MojoQA

Objective: RAG-based LLM application to answer queries related to Mojo programming language

Description: MojoQA is a RAG (Retrieval Augmented Generation) based LLM application that can answer queries related to Mojo programming language. For creating Mojo QA Bot, I have extracted the official Mojo documentation and created a vector store containing corresponding embeddings. To answer each query, we retrieve the most similar embeddings and provide it to the LLM as context.

Tools & Methods used:Python, PyTorch, NLP, LangChain, DeepLake, Streamlit

Github Repository

Joke Generation & Rating using LLM

Objective: An interactive chatbot that can generate various categories of jokes and assess the quality of jokes.

Data Sources: rJokesDataset

Description: Using the rjokes dataset, a GPT-2 model was fine-tuned for joke generation, and a BERT model was fine-tuned for predicting the humor level of the joke

Tools & Methods used:Python, PyTorch, Pandas, NLP, Transformers, pytest, LLM

Github Repository

Content Diffusion from Social Media to News Quotes - MSc Thesis

Objective: Measure the diffusion of tweets as speaker attributed quotations in news articles in the context of social movements and analyze how social media have impacted the News Gatekeeping process employed by news media.

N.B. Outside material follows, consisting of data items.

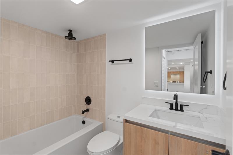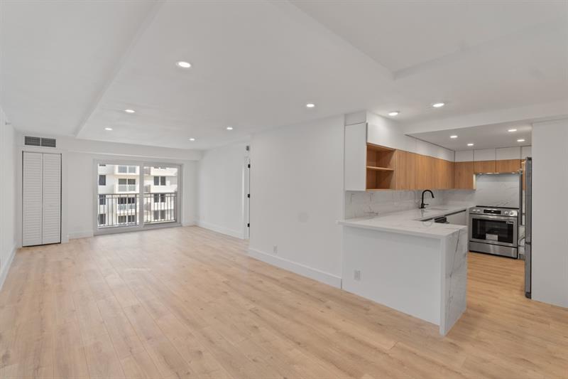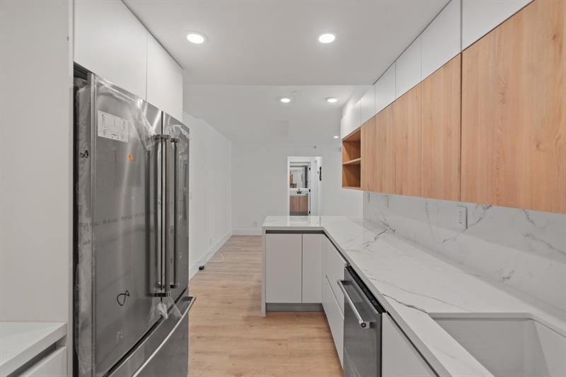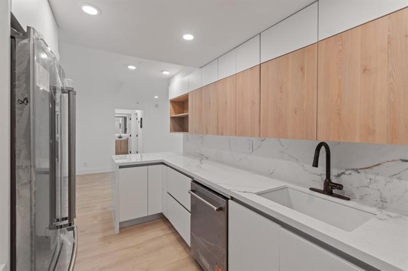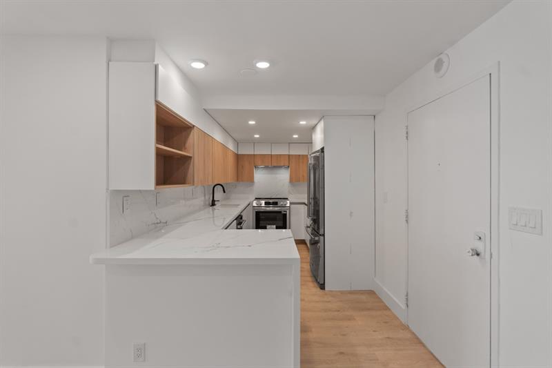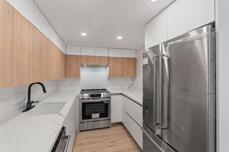 cabinetry, waterfall-edge quartz countertops, and brand-new stainless steel appliances. Enjoy panoramic
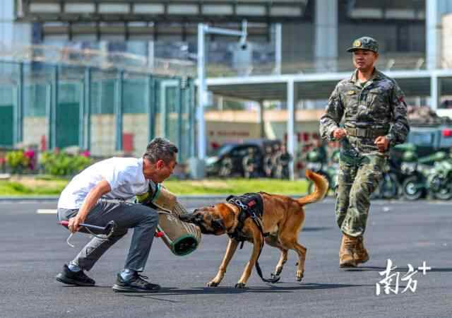 武警广东总队开展港澳青少年“同心同行·强国有我”进军营活动。图为警犬科目演示。
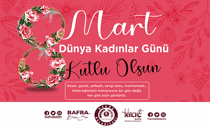 Bafra Belediye Başkanı Hamit Kılıç, 8 Mart Dünya Kadınlar Günü nedeniyle bir kutlama mesajı yayımladı.
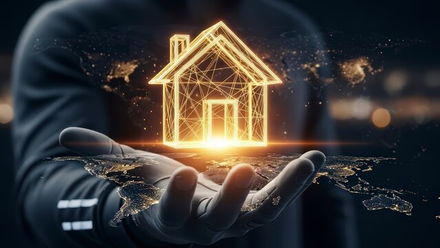 Person holding glowing digital house with modern technology background
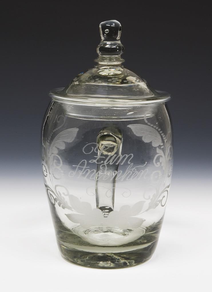 Colorless demolition glass with frosted decoration. Frontal floral reserve with inscription "Zum Andenken", barrel-shaped body with flared ear handle, slightly domed lid, baluster knob with demolition.
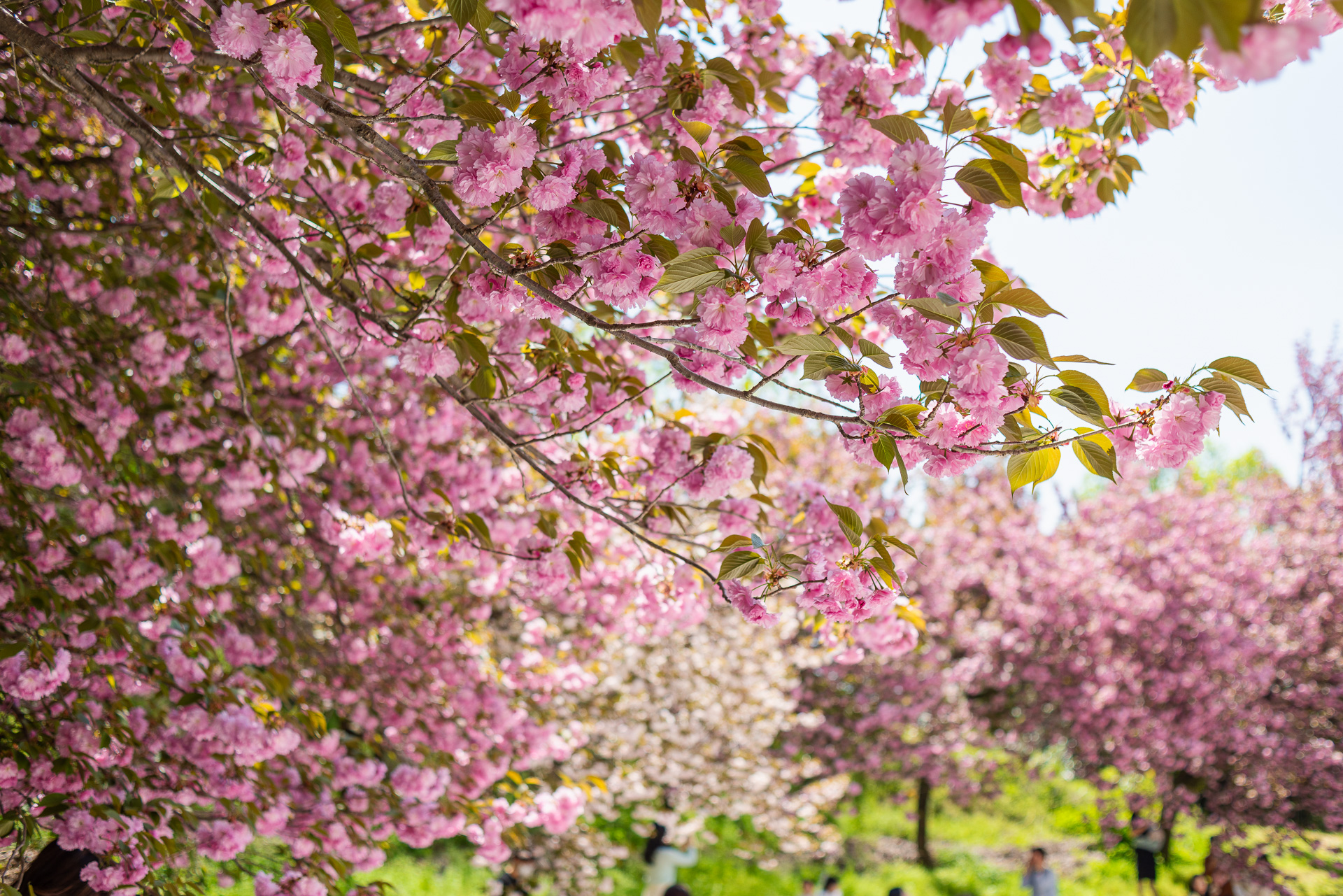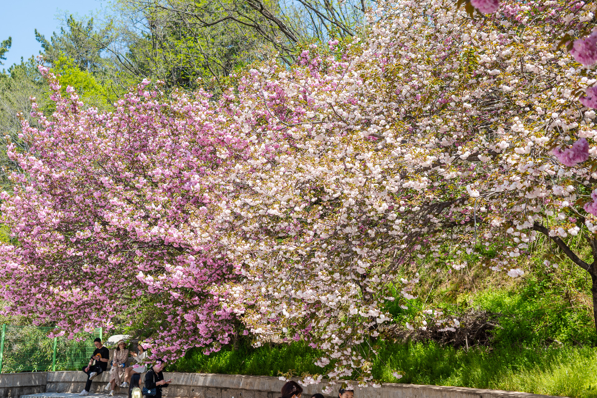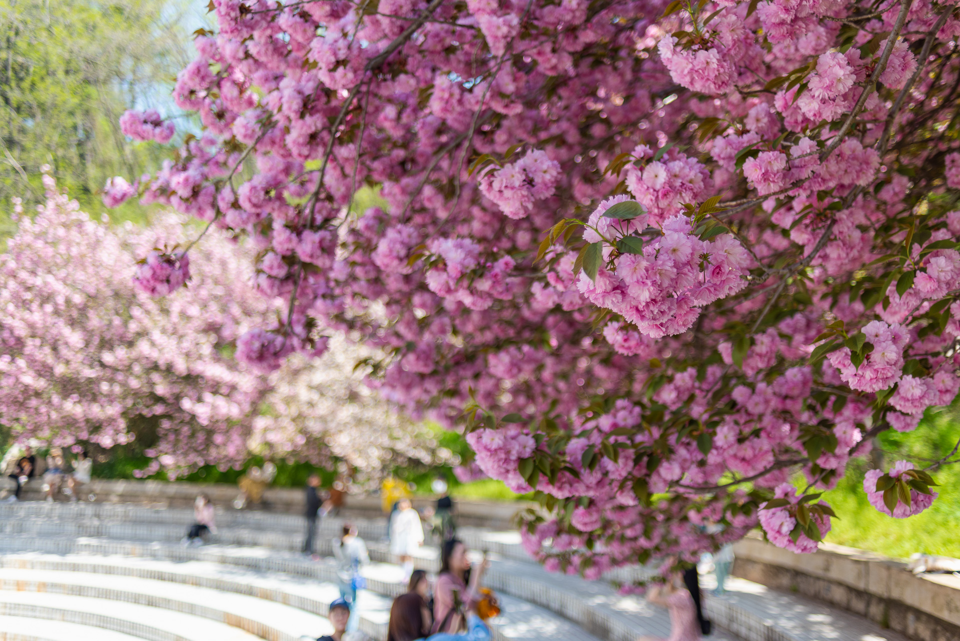겹벚꽃의 매력에 푹 빠진 사람들.
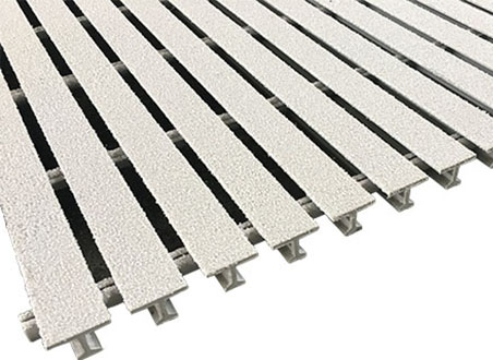 拉擠型格柵是使用I型或T型的玻璃鋼承載條穿接而成,承載條采用連續(xù)玻璃纖維通過拉擠工藝生產(chǎn),纖維含量可以達到60%以上,拼裝的格柵承載能力更強,具有尺寸及強度可設(shè)計性好等諸多優(yōu)點。

Data Sources: Twitter, Quotebank, Wikidata, MediBias/FactCheck

Description: Extracted user information and twitter handle of US Politicians and Hollywood Celebrities from Wikidata. Collected social movement tweets posted by these users from Twitter. By leveraging Quotebank, we measured the amount of social movement related tweets that got reported as direct quotations by news media. To understand the impact of social media in the news gatekeeping process, various experiments were conducted.

Tools & Methods used:Author emotion detection, Stance detection, Statistical analysis, Various ML classifiers, Time series analysis, Propensity score matching, LLM, Data Modelling.

Report

Latent Variables in Computer Vision

Objective: Understand latent variables in computer vision and explore the difference between latent variables in Variational AutoEncoder (VAE) and vanilla Generative Adversarial Network (GAN).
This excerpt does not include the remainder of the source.